İş

Mahfi Efilmez: 12 Ay Sonra Enflasyonun Geleceği Ne Olacak?

2024-09-28

Türkiye ekonomisinde gidişat, seçimden sonraki dönemde önemli bir dönüm noktasına ulaşacak. Ekonomideki en kritik faktörlerden biri, piyasa katılımcılarının ve tüketicilerin enflasyona ilişkin beklentileridir. Rasyonel bekleyişlerin ekonomiyi nasıl şekillendirdiği üzerine yapılan analizler, özellikle enflasyon beklentilerinin gelecekteki fiyat oluşturma süreçlerinde ne derece etkili olduğunu göstermektedir.

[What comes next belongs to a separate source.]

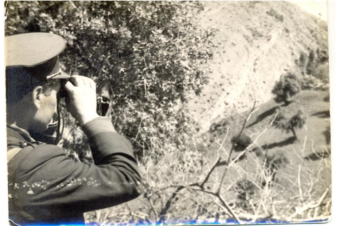
Le Commandant Kaci en opération de surveillance dans les années 1956

Merkez Bankası, enflasyon beklentilerini izlemek için sürekli anketler düzenliyor. Bu ankette, piyasa katılımcılarının yanı sıra reel sektör temsilcileri ve hane halkı da yer alıyor. 2024 Eylül ayı sonuçlarına göre yapılan tahminlerde, piyasa katılımcıları enflasyonun %27,49'a düşeceğini öngörürken, reel sektör temsilcileri bu seviyenin yerinde kalacağına inanıyor. Hane halkının tahminleri ise daha karamsar: Onlar, Eylül 2025'te enflasyonun %71,56 bulacağını öngörüyor.

Bu durum, kamuoyu algısında enflasyon hedeflerinin ne kadar uzak göründüğüne dair bir gösterge sunuyor. Orta Vadeli Programda belirlenen %17,50'lik hedef, toplumun genelinde inanç eksikliği yaratmış durumda. Eğer reel sektör beklentileri gerçekleşirse, enflasyonla mücadelenin olumsuz sonuçlar doğurma ihtimali oldukça yüksek.

Özellikle reel sektör temsilcilerinin enflasyonu kontrol altına alacak mekanizmalar geliştirmemesi, fiyat artışlarının devam edebileceğini gösteriyor. Ekonomik belirsizliklerin arttığı bir ortamda, vatandaşların alım gücünün de düşmesi kaçınılmaz hale geliyor.

Sonuç olarak, enflasyonla mücadele kapsamında daha proaktif adımlar atılmadığı sürece, Türkiye’nin ekonomik iklimi olumsuz etkilenmeye devam edecek. Kassandra Laneti etkisi belki de bu noktada karşımıza çıkıyor; karar vericilerin gerçek verileri göz ardı etmesi ve halkın gerçekliğine duyarsız kalması büyük bir risk oluşturuyor. Tüketici güveninin yeniden inşa edilmesi ve piyasa dinamiklerinin güçlendirilmesi, ekonominin sürdürülebilirliğini sağlamak adına kritik öneme sahip.